Несмотря на шикарные в своей основе интерьеры и оригинальный состав обитателей, коммуналка оставалась коммуналкой со всеми вытекающими из этого последствиями. Достаточно интеллигентное население, а я повидал коммуналок достаточное количество, не могло уничтожить ощущение какой-то неприкаянности… Ярких конфликтов там не было, но не было и понимания. Несколько лампочек в туалете, ведущие к разным выключателям, говорили об этом. Старинная мебель, оставленная прежним хозяином, была растащена по комнатам. Стулья красного дерева и абрамцевские полки и столики, уже сильно поломанные, встречавшиеся во всей квартире, были дополнены кривоватыми изделиями советских мебельных производств. Скрашивало обстановку только множество текстильных покрывал и вышитых салфеточек. Лишь у «комиссарши» все было строго – железная панцирная кровать с потертыми хромированными шариками-вставками, сундук и два табурета. Она всегда была готова к новому переезду, но переезд затянулся на десятилетия.
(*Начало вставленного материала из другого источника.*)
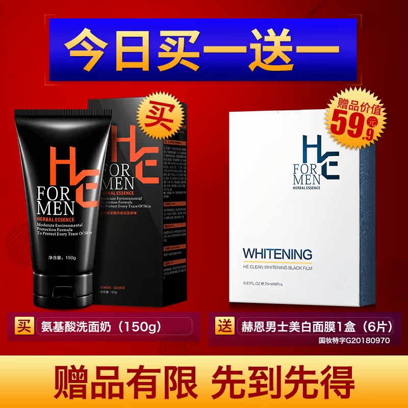 Voucher 55 Hern Men's Amino Acid Wash of Milk Control Oil Light Print Go Black Head Moisturizing And Acne Removing to Yellow Shrink Pores

Долго находиться я там не мог и к вечеру спешил в родной Петропавловский. Переулки вокруг Солянки казались после шумной Мясницкой спокойной деревней. К себе я ехал мимо «Чистых прудов» с прилепившимся к ним ресторанчиком «Ландыш», где на большой веранде с видом на пруды собирались после удачно проведенного худсовета мастера открытки и марки. Они получали за свою работу не такие плохие деньги и могли это себе позволить. Сидели там до полного закрытия. Разговоров об искусстве «открыточники» и «марочники» почти не вели, т. к. попадали в ресторан после нескольких суток неусыпной работы. Просто отдыхали.
Далее трамвай пересекал Покровку с известным всем москвичам богато декорированным «домом-комодом» (дом Апраксина-Трубецких). Проезжал мимо Милютинского сада на Покровском бульваре и быстро приближался к дому с огромными бетонными скульптурами рабочего с отбойным молотком и колхозницы со снопом пшеницы и ружьем над центральным проездом во внутренний двор. Народ называл его генеральским домом. Дом был построен по проекту русского архитектора И. А. Голосова в формах постконструктивистической стилистики. Голосов был мастером крупной архитектурной формы, и дом на Яузском бульваре действовал как-то угнетающе. Построенный в 1934–1941 годах, он никак не подходил к древним постройкам, окружавшим Хитровку.
У этого дома я выходил из трамвая и уже в полной темноте, т. к. фонарей ниже по переулку не было, с опаской полубежал по уходящей вниз наклонной поверхности Хитровки.